* Exercise requirements: Using the records below, write out only the lines from the line containing "Кабель съемный, достаточно" up to and including the line containing "IL CINEMA E", exactly, with no pictures.

* Dataset records:
*** Block opens ***

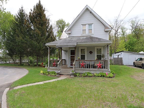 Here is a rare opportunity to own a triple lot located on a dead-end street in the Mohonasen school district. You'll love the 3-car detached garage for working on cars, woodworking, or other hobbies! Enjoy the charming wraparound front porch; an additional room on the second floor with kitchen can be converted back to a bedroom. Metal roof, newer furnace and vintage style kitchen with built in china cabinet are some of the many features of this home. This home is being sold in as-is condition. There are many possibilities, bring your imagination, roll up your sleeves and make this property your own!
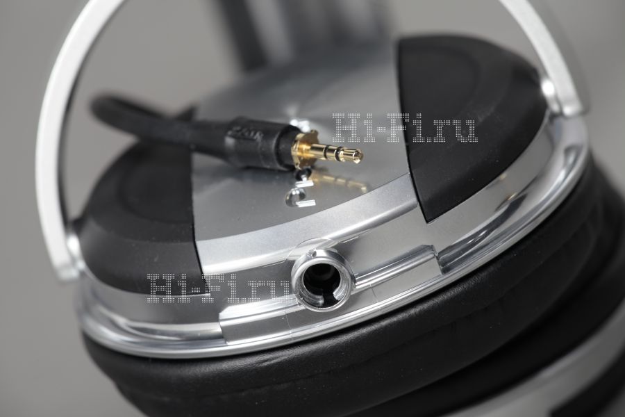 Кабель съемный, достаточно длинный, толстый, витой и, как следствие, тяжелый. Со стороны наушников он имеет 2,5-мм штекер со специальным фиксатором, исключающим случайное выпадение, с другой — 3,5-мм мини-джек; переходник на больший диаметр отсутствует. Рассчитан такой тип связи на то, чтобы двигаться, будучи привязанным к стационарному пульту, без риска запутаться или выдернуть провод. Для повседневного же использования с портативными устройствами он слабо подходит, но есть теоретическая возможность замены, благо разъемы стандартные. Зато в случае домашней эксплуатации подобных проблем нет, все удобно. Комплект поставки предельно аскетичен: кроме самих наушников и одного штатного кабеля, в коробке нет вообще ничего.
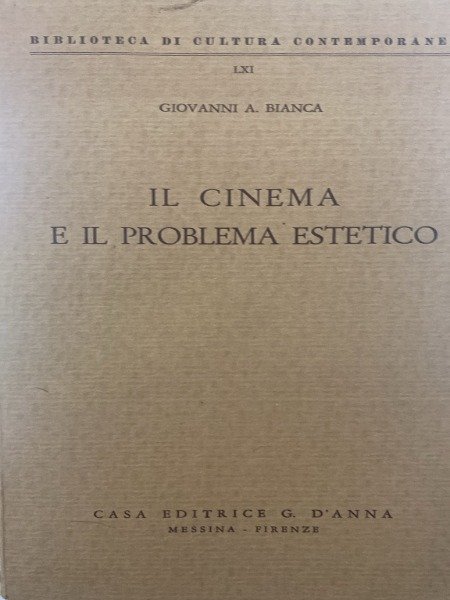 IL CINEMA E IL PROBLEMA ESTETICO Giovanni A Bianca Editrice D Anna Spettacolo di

*** Block closes ***
*** Block opens ***

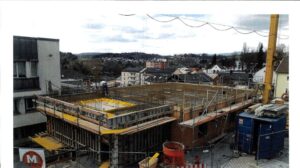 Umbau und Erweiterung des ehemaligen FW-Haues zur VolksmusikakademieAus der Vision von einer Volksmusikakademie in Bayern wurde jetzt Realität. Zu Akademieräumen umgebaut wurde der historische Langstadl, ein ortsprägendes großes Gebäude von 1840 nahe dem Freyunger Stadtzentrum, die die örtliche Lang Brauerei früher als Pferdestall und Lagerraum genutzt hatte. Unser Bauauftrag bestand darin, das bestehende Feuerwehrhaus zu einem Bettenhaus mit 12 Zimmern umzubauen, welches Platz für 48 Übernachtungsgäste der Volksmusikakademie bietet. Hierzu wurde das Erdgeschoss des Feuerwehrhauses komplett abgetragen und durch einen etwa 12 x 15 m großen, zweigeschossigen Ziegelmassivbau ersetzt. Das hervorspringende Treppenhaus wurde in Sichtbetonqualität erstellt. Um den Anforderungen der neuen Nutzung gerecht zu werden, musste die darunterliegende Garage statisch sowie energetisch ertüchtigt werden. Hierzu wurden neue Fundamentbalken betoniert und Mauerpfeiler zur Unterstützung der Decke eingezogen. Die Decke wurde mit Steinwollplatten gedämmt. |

*** Block closes ***

* Solution for this task:
 Кабель съемный, достаточно длинный, толстый, витой и, как следствие, тяжелый. Со стороны наушников он имеет 2,5-мм штекер со специальным фиксатором, исключающим случайное выпадение, с другой — 3,5-мм мини-джек; переходник на больший диаметр отсутствует. Рассчитан такой тип связи на то, чтобы двигаться, будучи привязанным к стационарному пульту, без риска запутаться или выдернуть провод. Для повседневного же использования с портативными устройствами он слабо подходит, но есть теоретическая возможность замены, благо разъемы стандартные. Зато в случае домашней эксплуатации подобных проблем нет, все удобно. Комплект поставки предельно аскетичен: кроме самих наушников и одного штатного кабеля, в коробке нет вообще ничего.
 IL CINEMA E IL PROBLEMA ESTETICO Giovanni A Bianca Editrice D Anna Spettacolo di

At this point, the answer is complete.